Socorro:Releases/18
Contents
Upgrade Steps
This upgrade requires a downtime. Likely the downtime will only be 1/2 hour, but we should schedule a 1-hour downtime just in case. Both the processors and the web UI should be down during the upgrade.
Database changes need to be deployed first, then UI/mware changes.
FULL STEPS FOR UPGRADE
1PM: begin archival backup of database (mpressman). This must be complete before upgrade.
5PM: begin upgrade
- disable alerts (mpressman)
- stop monitor and processors (mpressman)
- stop cron jobs (mpressman)
- break replication between master01 and master02 and to ReplayDB (jberkus)

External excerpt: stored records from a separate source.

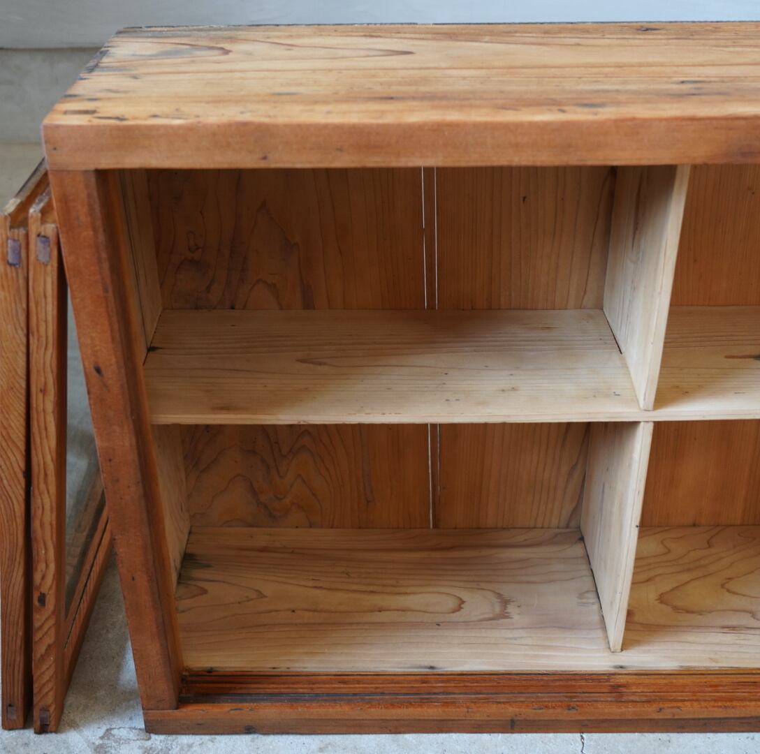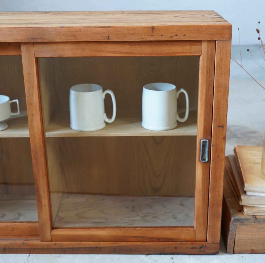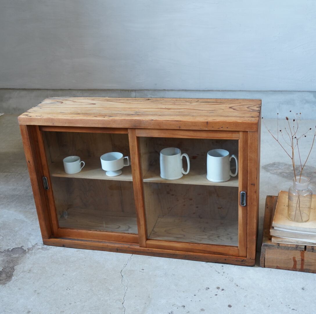 ナチュラルな木味と大きなゆらゆらガラスの引き違い戸が美しいキャビネットです。
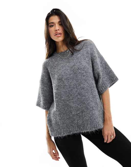 NA-KD x Moa Mattsson - Gebreid T-shirt met korte mouwen in grijs
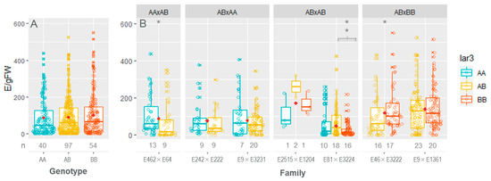 Embryo production capacity (embryos per gram fresh weight; E/gFW) of different PaLAR3 genotypes (A) of seven Norway spruce full-sib SE-families (B), with the number of SE lines given for each allelic combination (n). Asterisks denote differences between genotypes within each family (* p < 0.05, ** p < 0.01).
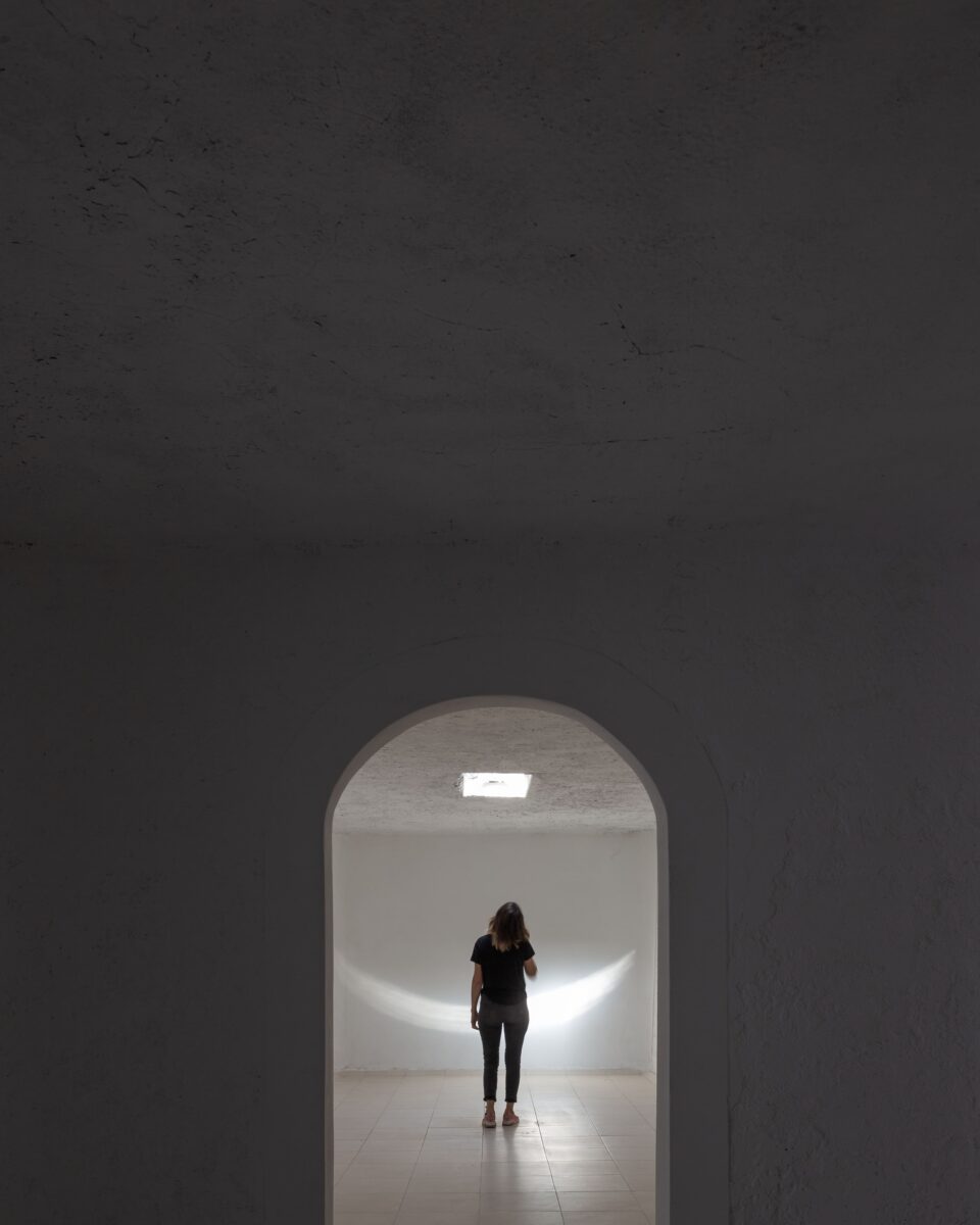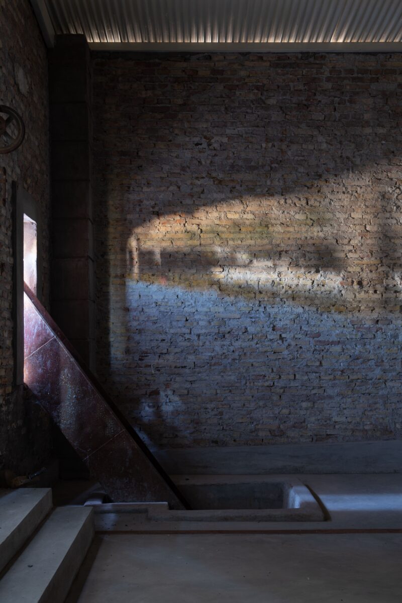 Se perforaron estratégicamente aberturas desde el pasillo hacia el interior de las piletas, invitando al visitante a adentrarse en un espacio que normalmente queda oculto. Las piletas aún conservan vestigios aromáticos del vino almacenado, lo que permite que el arte y el perfume se fusionen en una experiencia multisensorial. Además, la horadación superior de las piletas se transformó en un lucernario natural, generando una luz focal que se modifica con el transcurso de las horas, proporcionando un dinamismo espacial que interactúa con el arte y enriquece la experiencia del visitante.

- fail over zeus from master01 to master02 (netops)
- upgrade database (jberkus)
- verify database (jberkus, mpressman)
- code push (ops)
- fail over zeus from master02 to master01 (netops)
- verify web application (QA)
- decide to pass or not - team (see ROLLBACK if no pass)
- deploy cron job changes (rhelmer?)
- restart monitor and processors (mpressman)
- restart cron jobs (mpressman)
- backfill missing hours (jberkus)
ROLLBACK PROCEDURE
- fail over zeus to master02
- roll back code push
- roll back cron job changes.
Post-upgrade cleanup
- resync master02 from master01 and restart replication (mpressman or jberkus)
- restore nagios/ganglia checks (mpressman)
Database Upgrade
We will need to coordinate with NetOps about failover: bug 790711 and coordinate with IT for code push bug 790707
IMPORTANT: Several hours before the upgrade, we need to do a full archival backup of the pre-Mobeta database. bug 790705
This database upgrade involves a number of irreversable changes. As such, two additional steps are required before deploying it:
- Archival final "pre-mobeta" offsite backup. See bug: https://bugzilla.mozilla.org/show_bug.cgi?id=762305
- Disable replication to master02 before running the upgrade, and do not restore it until after QA verification. This may then require a full resync of master02.
This database upgrade takes around 1/2 hour to run, assuming a 2-week backfill of the new matviews. Should we decide to do more than 2 weeks of backfill, this can be adjusted by editing upgrade.sh.
This database upgrade is lock-sensitive. As such, it requires the downtime per above. This downtime needs to include processors, monitor, web application, and cron jobs.
Procedure for minimal downtime upgrade:
- stop monitor, processors, cron jobs
- break replication between Master01 and Master02.
- fail over to master02
- upgrade master01
- fail back to master01
- QA master01
- if it passes, resync master02.
- otherwise, fail over to master02.
Cron job adjustments
- remove oldtcbs cron (cron_aggregates.sh) for bug 778255
- dev - Sep 5 09:04
- stage - TODO
- prod - TODO
Config changes
- bug 789410 makes changes to the daily.php-dist file - this needs to be checked into puppet, where it will be stored at /etc/socorro/web/ and then copied out to the socorro install using deploy scripts
- dev - Sep 12 09:29
- stage -
bug 790646 - prod - TODO